Oltre a questi, nelle diverse “famiglie” liturgiche esistono e vengono usati nelle sacre celebrazioni anche altri colori:

ORO: Simboleggiando la luce divina l’oro o il giallo possono essere utilizzati per sostituire qualsiasi colore tranne il viola.

NERO: Generalmente considerato in rapporto alle celebrazioni dei defunti, nel Medioevo era usato per indicare i tempi penitenziali. Dal Concilio di Trento fu usato anche per il Venerdì Santo.

AZZURRO: è associato al dogma mariano e può quindi essere usato solo durante le celebrazioni legate alla Beata Vergine Maria, come l’Assunzione o l’Immacolata Concezione. Unico colore che rappresenta un vero privilegio liturgico, il suo uso fu autorizzato dal Concilio di Trento solo in Portogallo, in Spagna, negli ex territori di questi due Paesi, nell’ex regno di Baviera, in certe chiese di Napoli e infine nell’Ordine Francescano considerato storicamente e teologicamente meritevole di avere difeso il dogma mariano. Questo privilegio vale ancora oggi.

I colori liturgici, al di là del loro uso e significato, servono a comunicare il messaggio che, secondo le diverse celebrazioni, può essere di festa, di speranza, di conversione, di solidarietà nel dolore… Tutto questo certamente non è sufficiente come elemento fine a sé stesso, se non è accompagnato dallo scopo fondamentale di ogni cristiano ― specialmente se ministro ordinato ― e di ogni comunità di discepoli del Signore, ovvero: vivere il Vangelo!
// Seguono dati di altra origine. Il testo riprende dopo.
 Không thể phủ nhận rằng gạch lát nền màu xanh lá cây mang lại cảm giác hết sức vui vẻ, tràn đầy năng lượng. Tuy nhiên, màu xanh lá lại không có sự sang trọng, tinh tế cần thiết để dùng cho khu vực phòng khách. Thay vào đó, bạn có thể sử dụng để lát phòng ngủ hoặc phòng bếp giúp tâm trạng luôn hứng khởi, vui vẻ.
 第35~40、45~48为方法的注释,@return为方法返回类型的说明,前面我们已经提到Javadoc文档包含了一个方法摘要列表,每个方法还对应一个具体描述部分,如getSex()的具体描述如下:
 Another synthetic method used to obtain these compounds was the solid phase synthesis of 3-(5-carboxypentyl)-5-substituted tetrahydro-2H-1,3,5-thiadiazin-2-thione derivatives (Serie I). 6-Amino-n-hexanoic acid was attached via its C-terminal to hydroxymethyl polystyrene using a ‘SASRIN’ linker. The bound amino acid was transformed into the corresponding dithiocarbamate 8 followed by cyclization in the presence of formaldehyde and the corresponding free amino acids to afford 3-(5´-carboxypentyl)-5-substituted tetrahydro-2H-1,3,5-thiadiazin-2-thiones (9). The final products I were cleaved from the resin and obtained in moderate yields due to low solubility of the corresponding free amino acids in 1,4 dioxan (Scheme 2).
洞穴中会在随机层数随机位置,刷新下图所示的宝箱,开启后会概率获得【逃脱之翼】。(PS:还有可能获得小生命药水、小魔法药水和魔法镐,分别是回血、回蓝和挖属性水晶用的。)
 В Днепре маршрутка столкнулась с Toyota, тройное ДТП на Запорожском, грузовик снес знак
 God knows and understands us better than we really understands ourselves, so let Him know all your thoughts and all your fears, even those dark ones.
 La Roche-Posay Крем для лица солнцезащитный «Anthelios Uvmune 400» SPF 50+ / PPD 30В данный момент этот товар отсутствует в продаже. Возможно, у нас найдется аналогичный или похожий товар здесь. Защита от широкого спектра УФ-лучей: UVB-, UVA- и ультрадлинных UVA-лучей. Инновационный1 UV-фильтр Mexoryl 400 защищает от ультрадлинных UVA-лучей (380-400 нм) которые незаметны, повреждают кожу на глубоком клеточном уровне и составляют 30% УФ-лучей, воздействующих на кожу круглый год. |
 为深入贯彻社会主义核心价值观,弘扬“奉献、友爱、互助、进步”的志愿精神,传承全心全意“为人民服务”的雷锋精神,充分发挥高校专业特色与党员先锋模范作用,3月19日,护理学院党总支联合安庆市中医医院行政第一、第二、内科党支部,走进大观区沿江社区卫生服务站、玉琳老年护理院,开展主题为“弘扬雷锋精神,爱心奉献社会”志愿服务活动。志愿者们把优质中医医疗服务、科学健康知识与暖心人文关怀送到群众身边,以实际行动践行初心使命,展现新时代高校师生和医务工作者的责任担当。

Per non rendere paramenti, colori o altri simboli e segni liturgici niente più che espressioni di folclore, stranezza o semplice vanità, occorre che essi diventino “epifania” del mistero di salvezza che trova la sua radice unica e profonda nell’incontro vitale e vivificante con Gesù, Verbo incarnato, Eterno Sacerdote della Nuova Alleanza. Perché tutto, nella sacra liturgia, manifesta ed esprime il mistero del Verbo di Dio incarnato, morto, risorto e asceso al cielo. Per questo l’assemblea liturgica acclama sul vivo corpo e sangue di Cristo: «Annunciamo la tua morte Signore, proclamiamo la tua risurrezione, nell’attesa della tua venuta». Questo è il cuore della sacra liturgia.